A breakthrough 3D-printed material incredibly strong and ductile

“This unusual microstructure’s atomic rearrangement gives rise to ultrahigh strength as well as enhanced ductility, which is uncommon, because usually strong materials tend to be brittle,” Chen explained. Compared to conventional metal casting, “we got almost triple the strength and not only didn’t lose ductility, but actually increased it simultaneously,” he says. “For many applications, a combination of strength and ductility is key. Our findings are original and exciting for materials science and engineering alike,” he added. 

“The ability to produce strong and ductile HEAs means that these 3D printed materials are more robust in resisting applied deformation, which is important for lightweight structural design for enhanced mechanical efficiency and energy saving,” says Jie Ren, Chen’s Ph.D. student and first author of the paper.  

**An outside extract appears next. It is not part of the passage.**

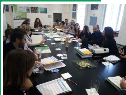
Reunión en Sevilla, Andalucía, España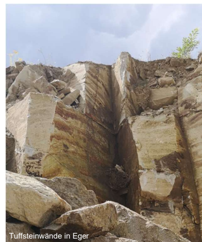
Tuffsteinwände in Eger

A breakthrough 3D-printed material incredibly strong and ductile

UMass Amherst Ph.D. student Jie Ren holds a miniature heatsink fan

The computational modelling for the study was coordinated by Zhu’s team at Georgia Tech. To comprehend the mechanical roles played by both the FCC and BCC nanolamellae and how they cooperate to provide the material more strength and ductility, he constructed dual-phase crystal plasticity computer models.

“Our simulation results show the surprisingly high strength yet high hardening responses in the BCC nanolamellae, which are pivotal for achieving the outstanding strength-ductility synergy of our alloy. This mechanistic understanding provides an important basis for guiding the future development of 3D printed HEAs with exceptional mechanical properties,” Zhu says.  

Additionally, 3D printing provides a strong tool for producing parts with intricate geometries. Future direct manufacture of end-use components for biomedical and aerospace applications will have plenty of options thanks to the combination of 3D printing technology and the enormous alloy design space of HEAs.

You can view the entire study for yourself in the journal Nature.